Scarlett Johanssons Stimme wäre nur ein Produkt, für das wir bezahlen könnten, um ein anderes zu verkaufen. Zumindest implizieren das Sam Altman und seine neue Version von ChatGPT, da er uns „trösten“ wollte, indem er Hollywood aufpeppte, und der Star wurde wütend. Eine verdiente Tracht Prügel und eine Kontroverse, die nicht frei von Traurigkeit ist.

„Wir stellen uns eine Zukunft vor, in der jeder Musik machen kann.“ Es war nicht David Guetta, der diesen Satz sagte, sondern Mikey Shulman, Mitbegründer und CEO von Suno. Sein Unternehmen hat gerade 125 Millionen Dollar eingesammelt. Mit Suno müssen wir nur ein paar Schlüsselwörter eingeben, um in nur sechs Sekunden einen Song zu „komponieren“.

Wir wissen es, wir haben es einfach versucht.

Urteil? Das ist Quatsch. Eine unglückliche Mischung aus Natasha St-Pier, einem Kinderreim, der schlecht endet, und einem nicht verstopften Waschbecken. Aber technisch funktioniert es.
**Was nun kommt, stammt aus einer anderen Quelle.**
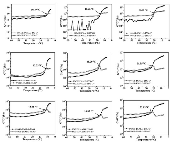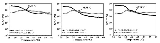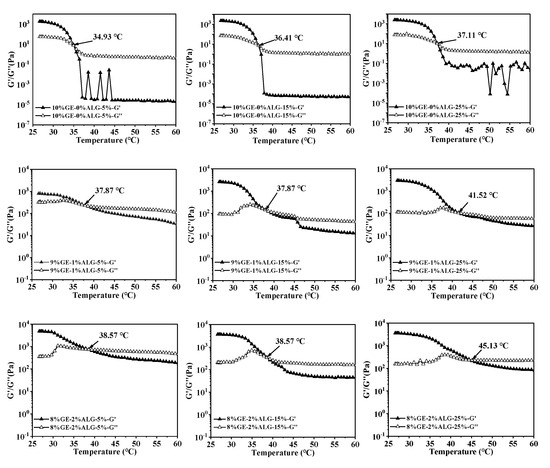 When the temperature drops, the increased G′ and G″ will come to an intersection, and the intersection point is defined as the gelling temperature of hydrogels, at which the hydrogel changes from a liquid state to a solid-like gel state. Figure 6 shows that as the concentration of zinc sulfate increased, the gelling temperature of all hydrogels gradually increased, suggesting that the presence of zinc sulfate enables gelatin solution and gelatin-sodium alginate solution to form a hydrogel at higher temperatures. The specific values of the gelling temperature are shown in Table 2. According to Qiao et al. [27], the gelling temperature of hydrogels increases linearly with the hydration entropy of anions in the aqueous solution. Strong hydration of SO42− polarizes water molecules in the first hydration layer of gelatin, resulting in the dehydration of hydrophilic biopolymers, causing the binding of individual polymer chains and promoting the gelation of gelatin solution. Additionally, the gelling temperature also increased after introducing sodium alginate, with the highest gelling temperature of 23.13 °C observed for the 8%GE-2%ALG-25% hydrogel. This also indicated that when gelatin and sodium alginate are in an appropriate proportion, the interaction between gelatin and sodium alginate, as well as the presence of zinc sulfate are conducive to the formation of the hydrogel structure.

Die betreffenden Schlüsselwörter:

„Ein Pop-Refrain, der von einer romantischen Trennung erzählt, mit einer Frauenstimme“

Willst du zuhören? Es ist hier.

In derselben Woche erfuhren wir, dass der Chef von ChatGPT versucht hat, den Stempel der Schauspielerin Scarlett Johansson zu kaufen, um einer dieser Stimmen, die es nie geben wird, eine kleine Seele zu verleihen. Nach „sorgfältiger Überlegung“ und einem Angebot, das man sich durchaus als großzügig vorstellen kann, weigerte sie sich (mehrmals), ihre ganz besondere Prägung in einer Maschine zu begraben, über die wir nichts wissen.

War Sam Altman beleidigt? War es ihm einfach egal? Doch als Scarlett die x-te neue Version von ChatGPT enthüllte, erkannten Menschen in Scarletts Umfeld sie in der virtuellen Kehle von jemandem namens Sky. Als würde er sich selbst ins Bein schießen, veröffentlichte der künstliche Guru ein einfaches „Sie“ auf der X-Plattform, um die Veröffentlichung seines Spielzeugs zu feiern.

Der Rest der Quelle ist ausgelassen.